# Kribs' first batch of fry: Good, bad and REALLY bad news!



## FishTeen (Feb 6, 2011)

The Good News: My Kribnesis have been caring for their first batch of babies. They hatched about a week ago and were doing great, even already eating flake food. The bad: The female began to not like the males presents and began keeping him away like she does with all the bad fish. The REALLY bad: suddenly today, the female REALLY starting beating the male down hard. They were originally having a mother-father relationship, switching off watching for the young, suddenly she went nuts! She was chasing him up into corners, he even flopped at the water surface once trying to get away. 

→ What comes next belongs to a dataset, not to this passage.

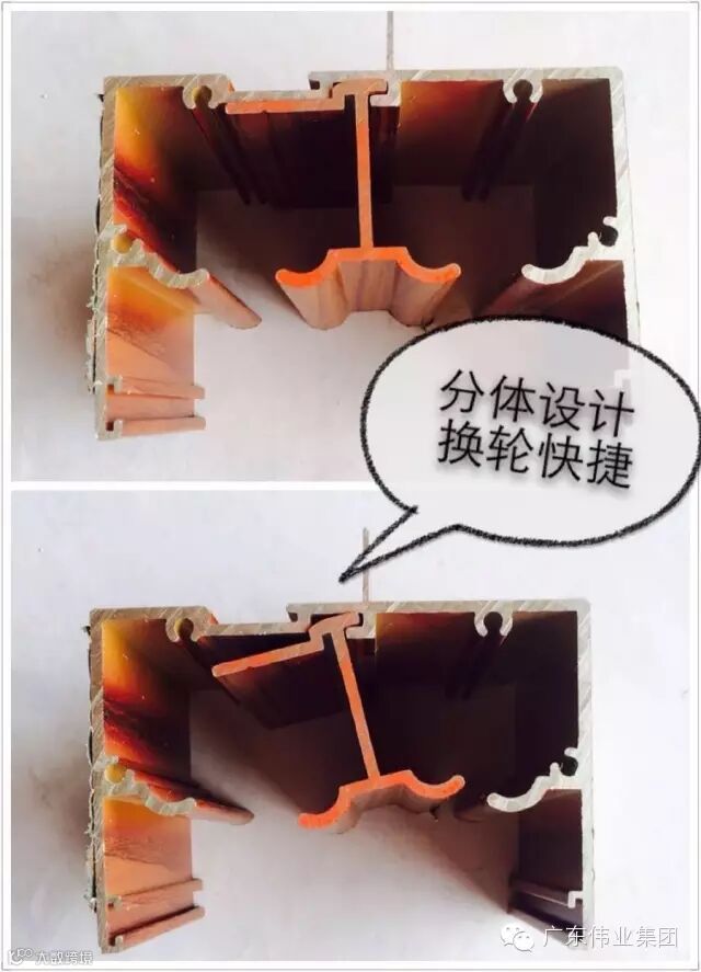 2、吊上滑分体设计,更换吊轮简单快捷。为了减轻库存和资金压力,内扇料特殊设计,一模两用,只需一把铁钳就可轻松地由8厘变为18厘玻璃槽;

So I caught the male, and now he's in a 14 gal. with a separator in it separated into about 7 gallons of water. What do I do? I am a very experienced aquarist but I'm i little worried now. I wasn't expecting this, especially from cichlids. 

Can anyone help?


----------



## jrman83 (Jul 9, 2010)

Not expecting aggression from cichlids? I chuckle.

Sounds like you've done what you needed to.


----------



## NeonShark666 (Dec 13, 2010)

Cichlid pairs sometimes have very rocky relationships. Your female has decided she no longer needs the male and will eventually kill him if you leave them together. Your experience is unsually for Kribs, usually they make very good pair bonds.


----------